23 October 2017. Women play an important role in food production and provision in Africa South of the Sahara (SSA), yet are underrepresented in the agricultural research community in many countries. Fewer women than men are trained, recruited, and employed in the agricultural sciences. Where they are employed, female researchers are often young and less qualified than their male colleagues.
The good news is that, according to a recent paper in the Journal of Gender, Agriculture and Food Security by Nienke Beintema, head of the Agricultural Science and Technology Indicators (ASTI) initiative, many African countries have begun making progress towards a gender balance in their agricultural research systems. The data can be accessed via ASTI’s new Women in African Agricultural Research Data Portal, created in partnership with African Women for Agricultural Research and Development (AWARD).
The number of women researchers in Africa South of the Sahara rose in both absolute and relative terms between 2008 and 2014—possibly due to increased access to education for girls, which has resulted in more women enrolled in agricultural sciences, and sciences overall.
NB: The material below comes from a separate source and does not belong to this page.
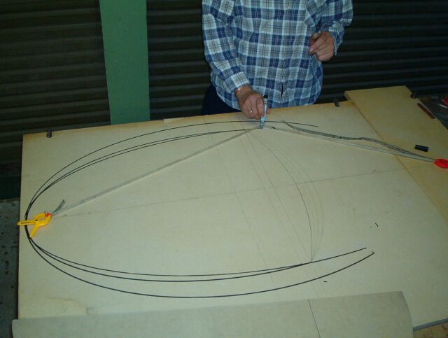 This elliptical section was selected from a number of ellipses drawn full size as shown in Photo 1, which also shows an easy way to draw an ellipse. Pertinent features of the ellipse - it has a major and a minor axis with their centrepoints forming a right-angle cross at what is known as the centrepoint of the ellipse. It has two foci points which lie on the major axis equidistant from the centrepoint. The distance of a foci from the centrepoint is calculated by the square root of the (major axis squared minus the minor axis squared). The ellipse is drawn using a string of length equal to that of the major axis, with each end fastened to a foci point and stretched tight by a pencil at the apex formed by the string - as in Photo 1. ( in the photo I used a length of fibreglass measuring tape because, unlike string it does not stretch). I selected the inner-most ellipse of the three shown on Photo1 as the midship section for this cat design - labelled EllipseXcat. It has a major axis of 700mm, minor axis of 300mm and foci points 632mm from the ellipse centrepoint. I produced a template of this curve as shown below on the left-hand side of Photo 2.
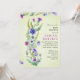 Célébrez l'arrivée d'un nouveau bébé avec notre Aquarelle Fleur Fleur Fleur Fleur Fleur Fleur Fleur Vert pâle Invitation Baby shower. Ce design enchanteur capte l'essence du printemps avec un étonnant éventail de fleurs sauvages dans les tons bleu, rose magenta et violet ornant le côté gauche de l'invitation contre un arrière - plan vert pâle adorable. Ajoutez une touche de fraîcheur aux beaux feuilles bleutés et verts qui complètent l'étalage fleuri. Vous pouvez rendre cette invitation vraiment unique en customisant le texte sur le devant pour convenir à votre occasion spéciale. Sur le dos, vous trouverez d'autres arrangements floraux qui encadrent magnifiquement les parties supérieure et inférieure, complétant l'esthétique générale de cette invitation charmante.

Beyond the goal of basic equity, there are many arguments for including more women in agricultural research. As the InterAcademy Council observed, (Inventing a better future, 2004, 160 pages) more than half of most countries’ populations—their women—have traditionally been overlooked for important jobs or were deprived of the education needed to make them contenders, robbing countries of enormous reservoirs of talent in science and technology. Higher rates of female participation in science and technology have been shown to improve the quality and competitiveness of research and innovation.